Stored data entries
#####

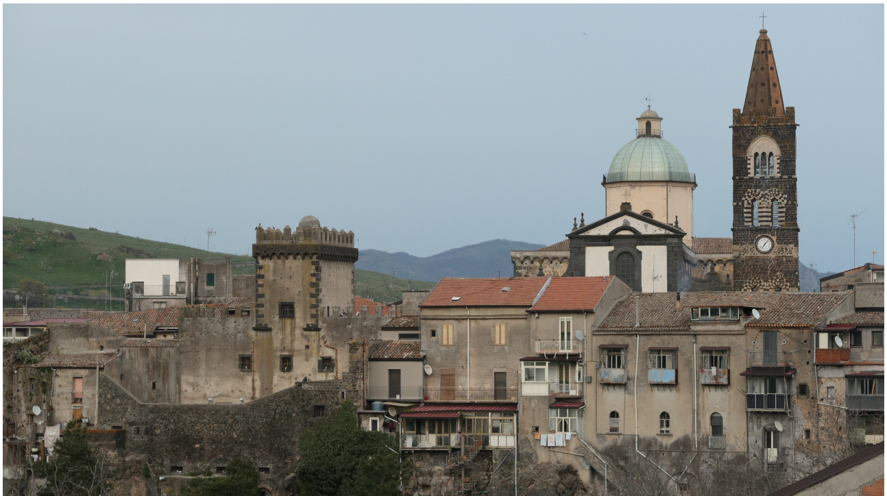
Randazzo, village just north of the Etna area.

In the evening we had dinner in the center of Randazzo. (restaurant La Bifora)
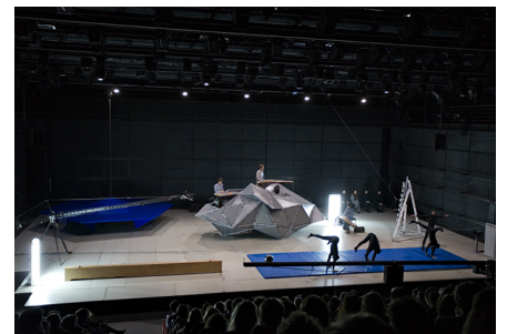
Aérolite , 2007. Performance conceived by Xavier Veilhan with Air. Centre Pompidou, Paris, 07/04/2007. © Veilhan/ADAGP, Paris, 2017.
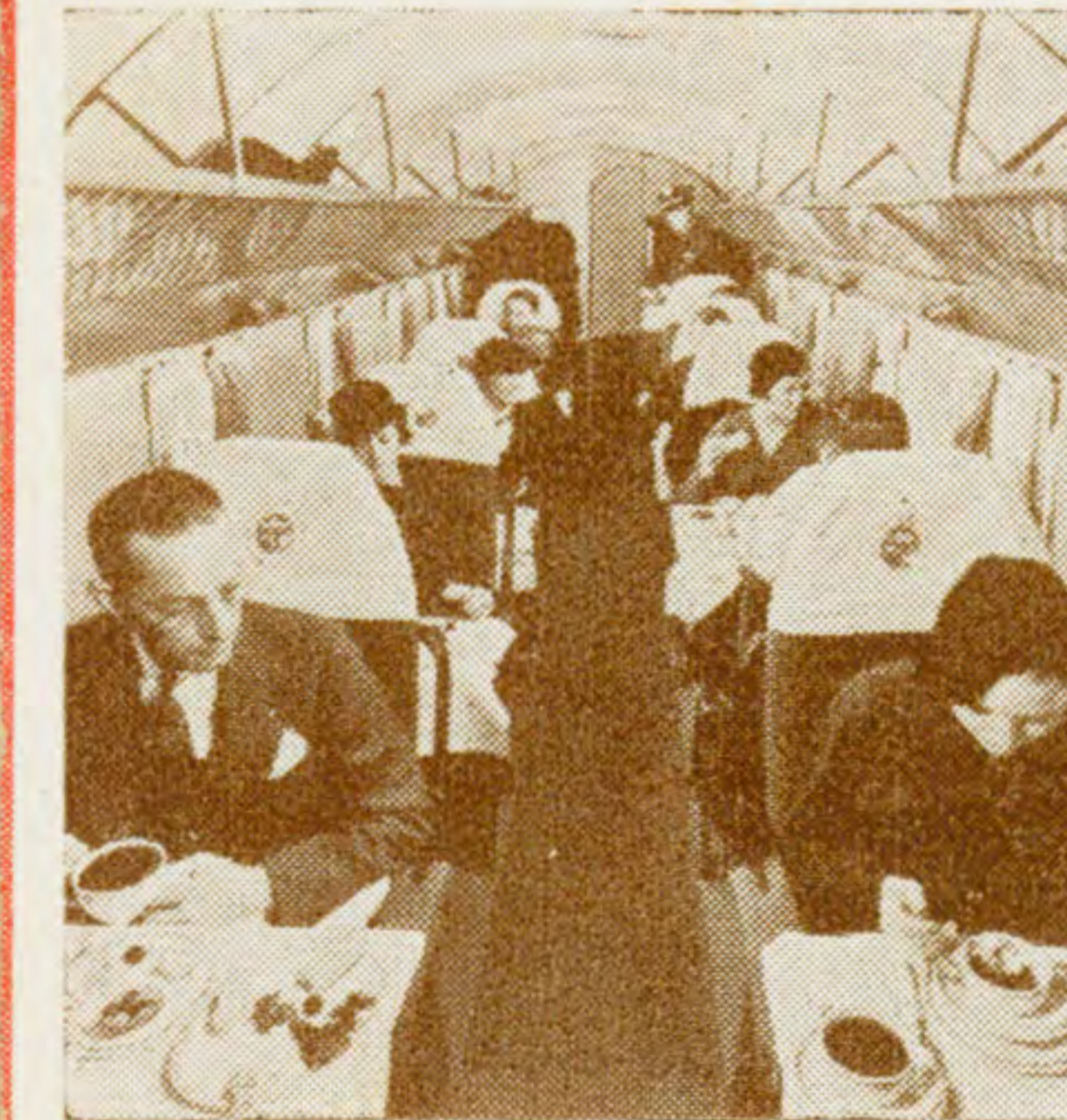
Delightful meals aloft! Individual serving! Another feature of Braniff's thoughtful service aground and aloft.
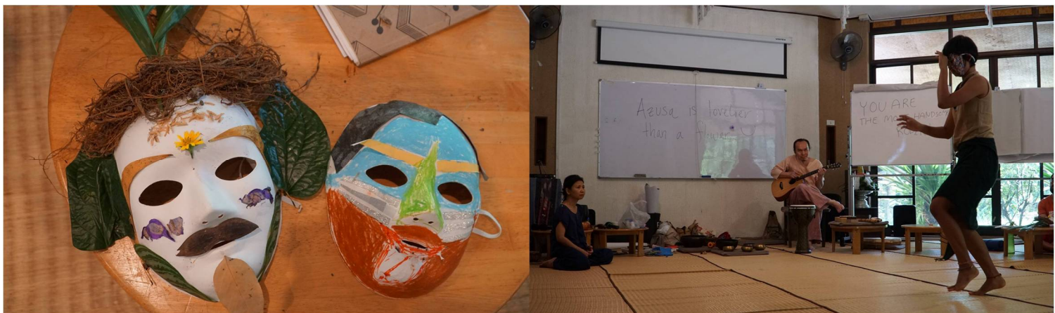
Masks: Participants exploring different parts of their personality during Art and Self-Discovery

The final 3 modules focused on self discovery and transformation of consciousness through mindfulness and trauma healing, with each modules' experience building onto the next one, allowing for deeply transformative processes within the learning space to open up. These modules also provided different pathways into self-exploration, so that participants could experiment, explore different ways of knowing, and acknowledge the different aspects of themselves as they were revealed. This flow of modules was most powerful in terms of inner transformation, and participants continued with some of the practices as a group and individually over the remainder of the program.
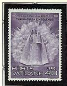
Our Lady of Einsiedeln

This commemorates the eleventh century of St. Meinrad, founder and patron of the shrine at Einsiedeln, Switzerland. St. Meinrad is depicted holding the Lady Chapel in which the statue of Our Lady of Einsiedeln is enshrined. The Benedictine Monastery was erected in 940 to enclose the cell of Brother Meinrad. Eight years later the Monastery Church was erected which enclosed the Lady Chapel.

#####

§ **Work instructions**: Please restate the entries word for word. Skip the pictures.

§ **Written solution**:
Randazzo, village just north of the Etna area.

In the evening we had dinner in the center of Randazzo. (restaurant La Bifora)
Aérolite , 2007. Performance conceived by Xavier Veilhan with Air. Centre Pompidou, Paris, 07/04/2007. © Veilhan/ADAGP, Paris, 2017.
Delightful meals aloft! Individual serving! Another feature of Braniff's thoughtful service aground and aloft.
Masks: Participants exploring different parts of their personality during Art and Self-Discovery

The final 3 modules focused on self discovery and transformation of consciousness through mindfulness and trauma healing, with each modules' experience building onto the next one, allowing for deeply transformative processes within the learning space to open up. These modules also provided different pathways into self-exploration, so that participants could experiment, explore different ways of knowing, and acknowledge the different aspects of themselves as they were revealed. This flow of modules was most powerful in terms of inner transformation, and participants continued with some of the practices as a group and individually over the remainder of the program.
Our Lady of Einsiedeln

This commemorates the eleventh century of St. Meinrad, founder and patron of the shrine at Einsiedeln, Switzerland. St. Meinrad is depicted holding the Lady Chapel in which the statue of Our Lady of Einsiedeln is enshrined. The Benedictine Monastery was erected in 940 to enclose the cell of Brother Meinrad. Eight years later the Monastery Church was erected which enclosed the Lady Chapel.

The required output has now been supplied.